-- Extracted records --
══════

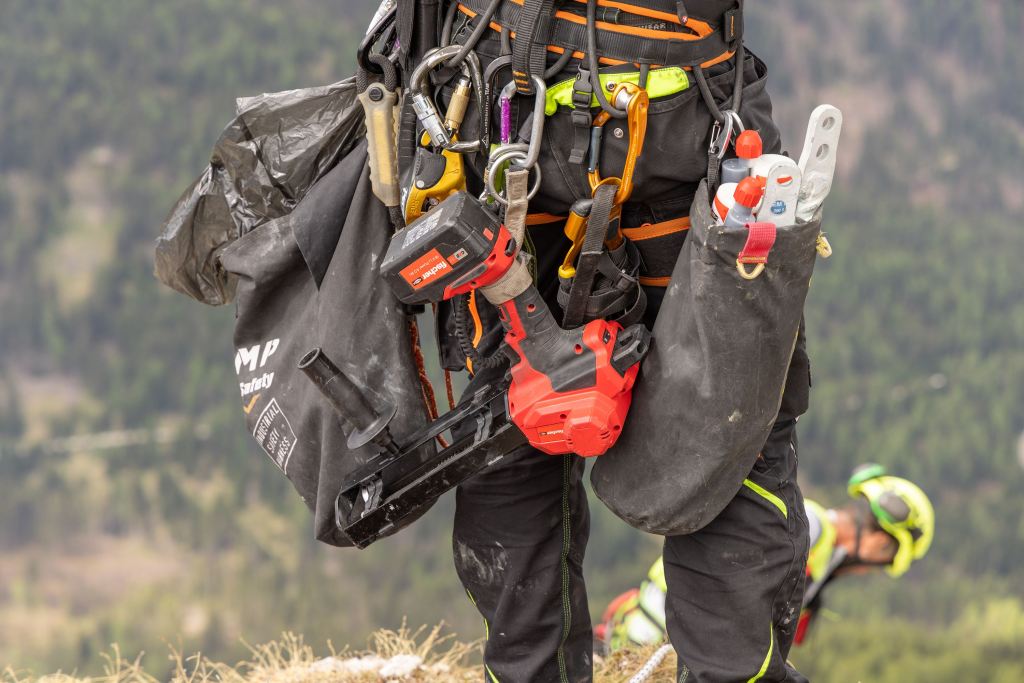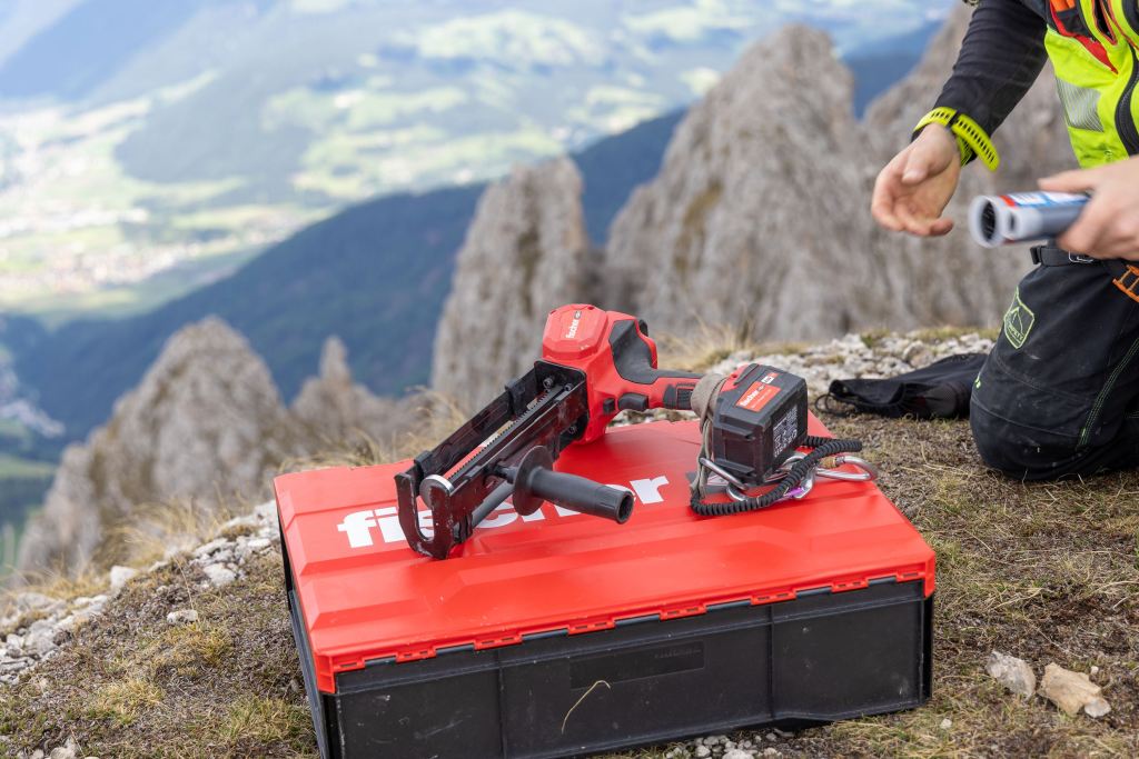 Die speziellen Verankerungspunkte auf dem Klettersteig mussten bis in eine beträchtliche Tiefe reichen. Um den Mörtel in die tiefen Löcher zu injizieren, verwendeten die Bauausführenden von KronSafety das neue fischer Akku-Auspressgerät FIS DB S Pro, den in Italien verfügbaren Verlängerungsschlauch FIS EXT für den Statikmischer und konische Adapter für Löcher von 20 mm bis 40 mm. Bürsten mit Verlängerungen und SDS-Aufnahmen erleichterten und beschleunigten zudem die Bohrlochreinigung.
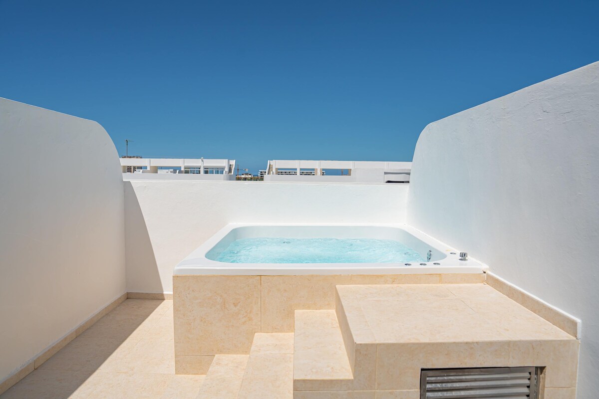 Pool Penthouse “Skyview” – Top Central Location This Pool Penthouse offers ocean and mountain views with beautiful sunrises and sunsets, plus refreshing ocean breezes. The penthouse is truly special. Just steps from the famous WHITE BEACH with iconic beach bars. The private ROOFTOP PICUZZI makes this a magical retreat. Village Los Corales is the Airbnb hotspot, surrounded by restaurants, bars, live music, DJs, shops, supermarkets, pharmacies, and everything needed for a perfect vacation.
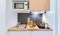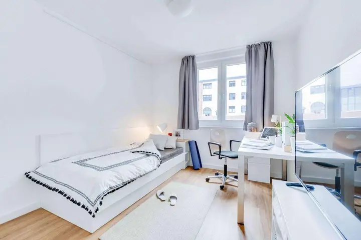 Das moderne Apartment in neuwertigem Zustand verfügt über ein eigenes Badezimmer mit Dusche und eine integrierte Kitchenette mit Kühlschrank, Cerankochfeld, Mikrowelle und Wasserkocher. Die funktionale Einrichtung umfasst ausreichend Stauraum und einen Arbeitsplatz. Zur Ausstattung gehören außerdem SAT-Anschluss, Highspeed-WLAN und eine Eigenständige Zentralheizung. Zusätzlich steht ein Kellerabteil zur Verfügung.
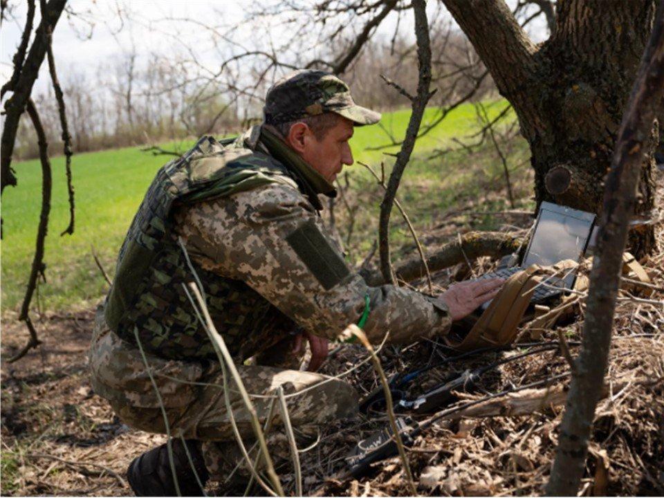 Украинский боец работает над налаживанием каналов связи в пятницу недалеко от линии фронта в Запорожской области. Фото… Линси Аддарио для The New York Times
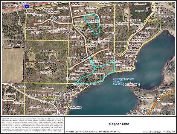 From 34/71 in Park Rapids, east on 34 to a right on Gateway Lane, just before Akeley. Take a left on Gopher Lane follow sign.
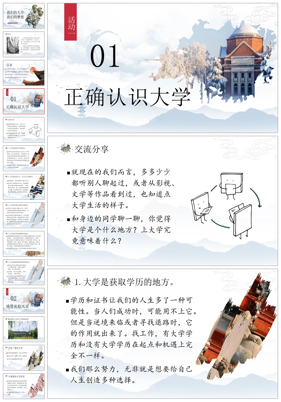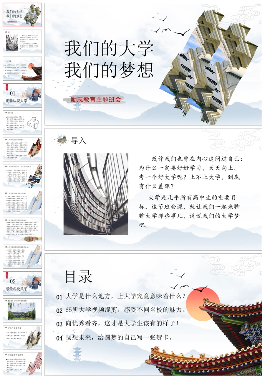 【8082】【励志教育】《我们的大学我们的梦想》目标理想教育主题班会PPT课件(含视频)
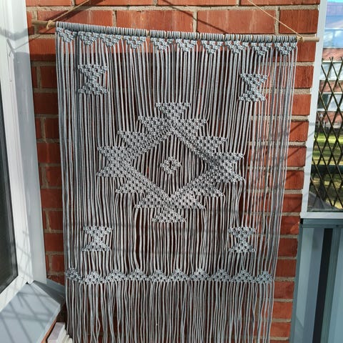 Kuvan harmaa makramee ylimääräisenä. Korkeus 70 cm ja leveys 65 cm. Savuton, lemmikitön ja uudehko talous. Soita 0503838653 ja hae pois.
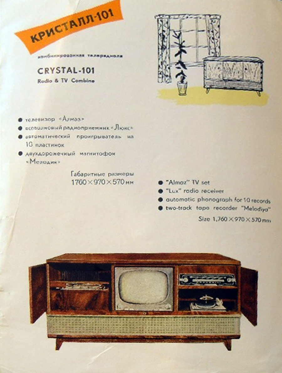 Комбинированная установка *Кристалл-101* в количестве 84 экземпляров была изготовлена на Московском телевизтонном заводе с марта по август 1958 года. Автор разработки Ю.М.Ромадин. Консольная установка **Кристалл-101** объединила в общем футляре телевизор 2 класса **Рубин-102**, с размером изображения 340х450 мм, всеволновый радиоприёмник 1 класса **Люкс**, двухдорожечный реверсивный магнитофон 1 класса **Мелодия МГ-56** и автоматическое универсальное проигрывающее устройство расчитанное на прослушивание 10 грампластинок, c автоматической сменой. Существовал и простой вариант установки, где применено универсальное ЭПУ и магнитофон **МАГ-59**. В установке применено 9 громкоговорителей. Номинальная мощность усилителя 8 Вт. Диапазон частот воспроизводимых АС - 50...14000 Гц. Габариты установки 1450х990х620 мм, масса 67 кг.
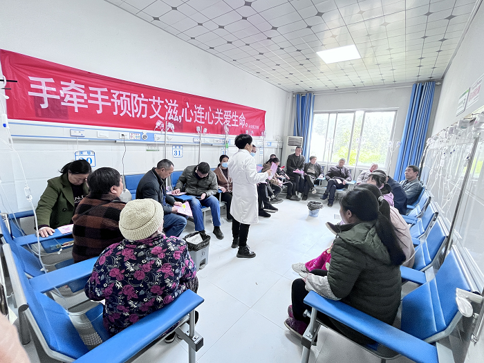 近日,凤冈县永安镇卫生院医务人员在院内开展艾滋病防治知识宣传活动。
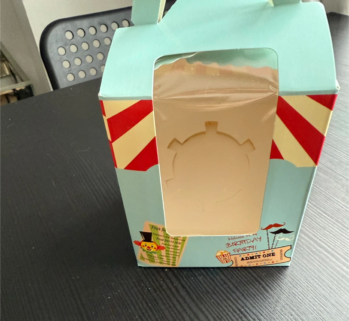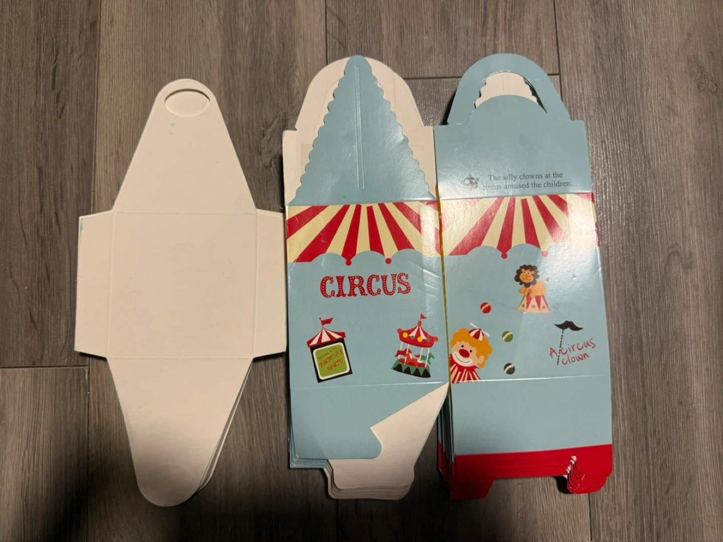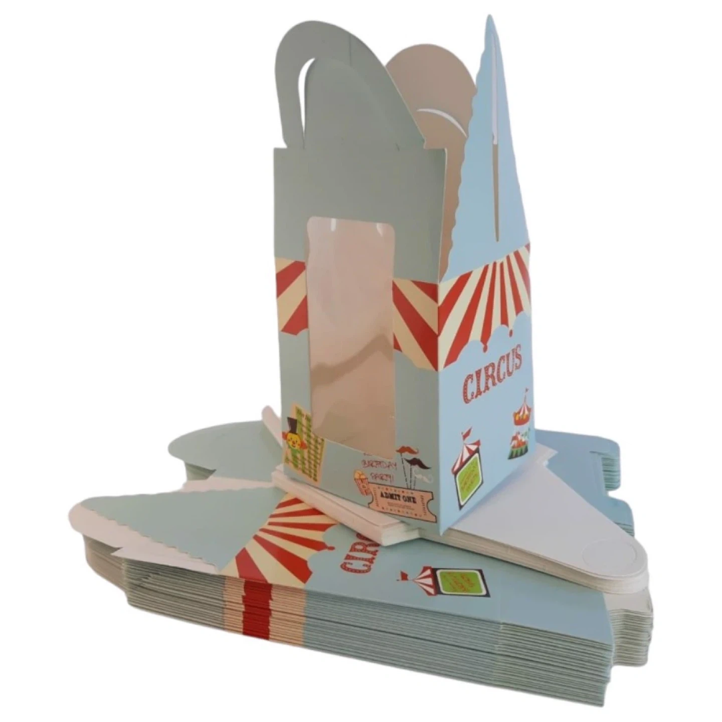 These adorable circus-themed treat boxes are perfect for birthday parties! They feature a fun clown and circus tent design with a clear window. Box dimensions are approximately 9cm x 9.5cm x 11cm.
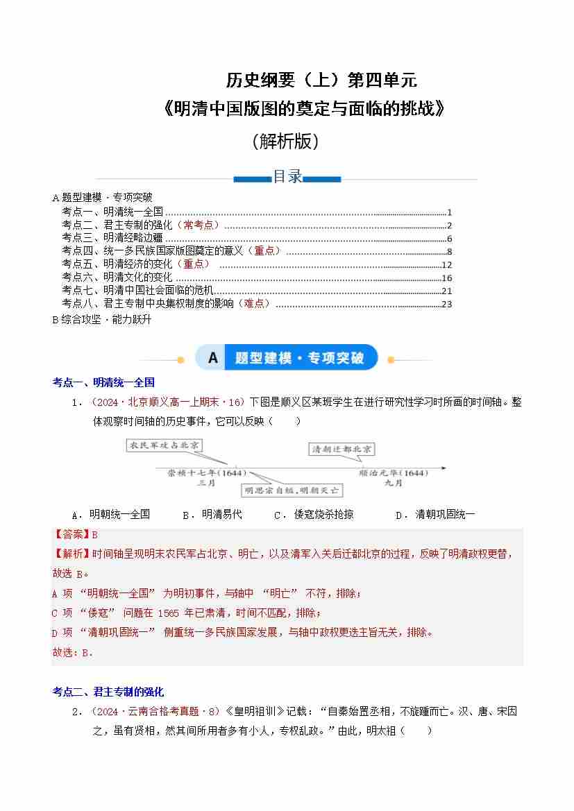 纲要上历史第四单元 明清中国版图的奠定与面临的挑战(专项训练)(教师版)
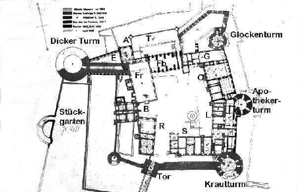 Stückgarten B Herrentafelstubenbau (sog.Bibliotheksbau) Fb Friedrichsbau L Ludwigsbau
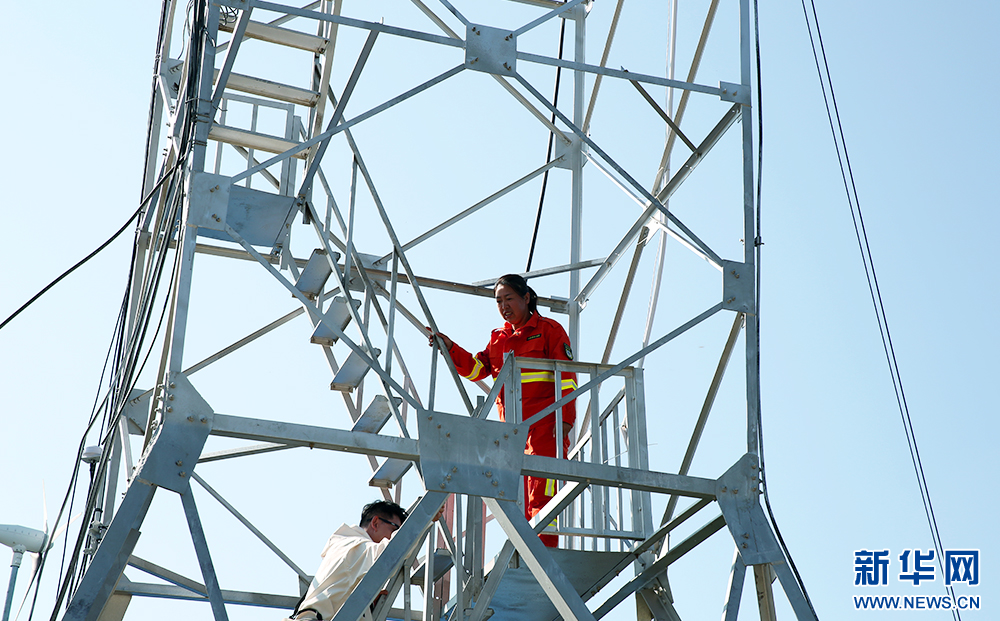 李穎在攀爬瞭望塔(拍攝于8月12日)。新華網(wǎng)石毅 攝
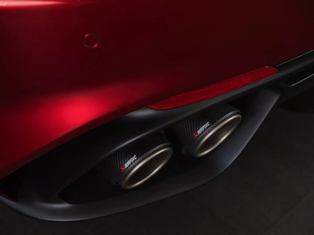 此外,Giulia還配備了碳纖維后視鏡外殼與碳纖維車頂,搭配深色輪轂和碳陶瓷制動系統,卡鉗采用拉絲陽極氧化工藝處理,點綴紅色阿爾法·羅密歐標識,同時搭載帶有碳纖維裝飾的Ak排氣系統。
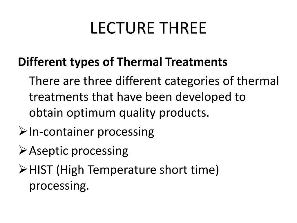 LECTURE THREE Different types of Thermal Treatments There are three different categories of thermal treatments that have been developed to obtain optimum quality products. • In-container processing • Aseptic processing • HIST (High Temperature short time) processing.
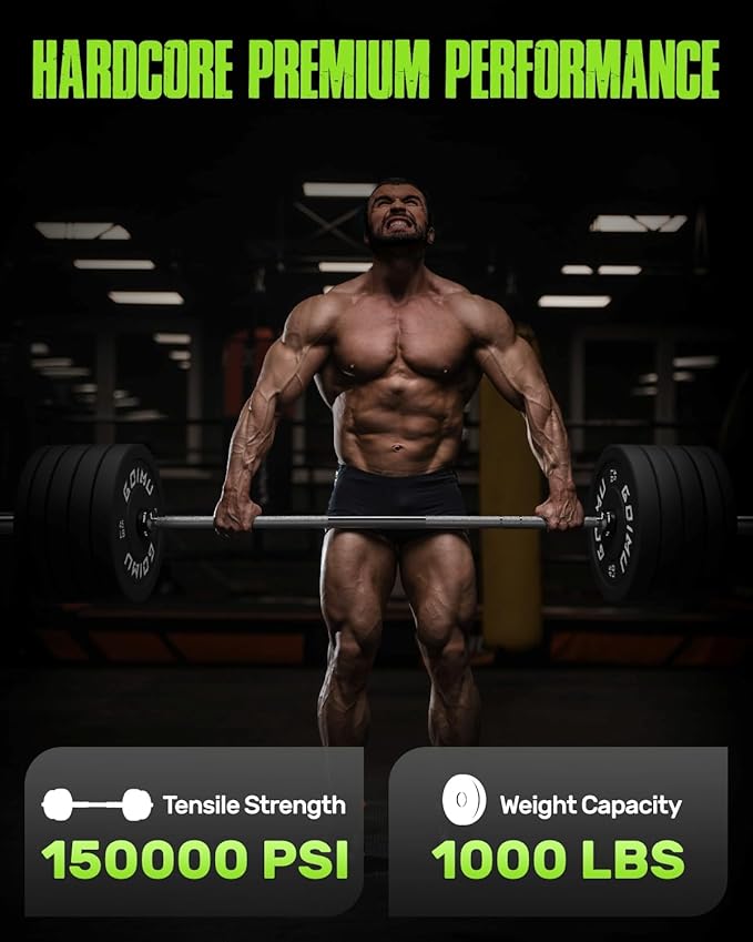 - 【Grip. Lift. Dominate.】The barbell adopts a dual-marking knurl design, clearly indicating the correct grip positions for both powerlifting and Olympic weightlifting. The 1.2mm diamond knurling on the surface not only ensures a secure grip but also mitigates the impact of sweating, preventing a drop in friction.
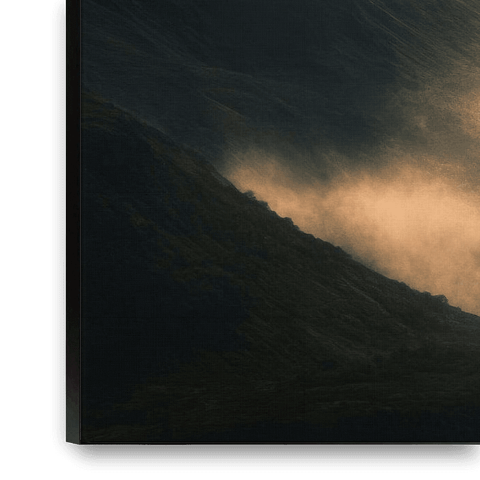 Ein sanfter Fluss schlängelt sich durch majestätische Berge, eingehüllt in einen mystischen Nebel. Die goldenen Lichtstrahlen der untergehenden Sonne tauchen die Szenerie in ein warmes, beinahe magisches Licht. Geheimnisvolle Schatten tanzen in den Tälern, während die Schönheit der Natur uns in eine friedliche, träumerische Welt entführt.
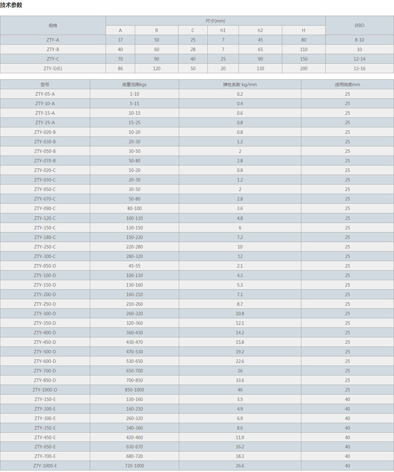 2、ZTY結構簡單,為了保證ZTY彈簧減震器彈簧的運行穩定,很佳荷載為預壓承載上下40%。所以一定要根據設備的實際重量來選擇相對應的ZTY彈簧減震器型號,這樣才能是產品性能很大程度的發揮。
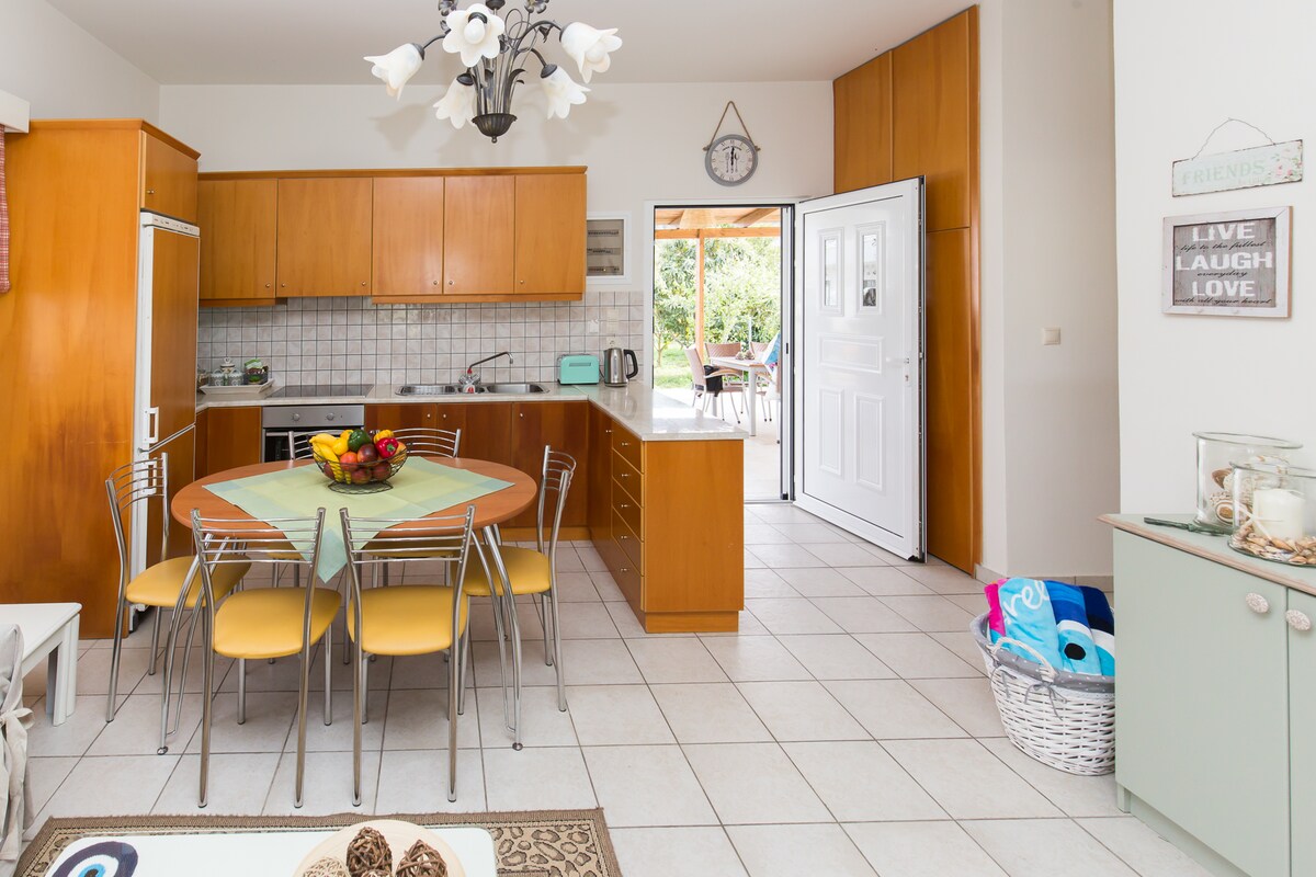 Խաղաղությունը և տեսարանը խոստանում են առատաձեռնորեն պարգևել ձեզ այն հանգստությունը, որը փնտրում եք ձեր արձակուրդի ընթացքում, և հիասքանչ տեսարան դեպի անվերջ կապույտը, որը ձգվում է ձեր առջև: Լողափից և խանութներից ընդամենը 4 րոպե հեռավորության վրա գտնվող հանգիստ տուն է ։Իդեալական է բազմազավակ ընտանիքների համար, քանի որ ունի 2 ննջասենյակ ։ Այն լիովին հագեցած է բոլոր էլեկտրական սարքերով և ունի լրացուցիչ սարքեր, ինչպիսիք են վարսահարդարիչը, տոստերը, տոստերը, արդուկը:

══════

-- The task --
Reproduce exactly the lines above that run from the one with "From 34/71 in" to the one with "Kuvan harmaa makramee", both included, leaving pictures out.

-- Solved problem --
 From 34/71 in Park Rapids, east on 34 to a right on Gateway Lane, just before Akeley. Take a left on Gopher Lane follow sign.
 【8082】【励志教育】《我们的大学我们的梦想》目标理想教育主题班会PPT课件(含视频)
 Kuvan harmaa makramee ylimääräisenä. Korkeus 70 cm ja leveys 65 cm. Savuton, lemmikitön ja uudehko talous. Soita 0503838653 ja hae pois.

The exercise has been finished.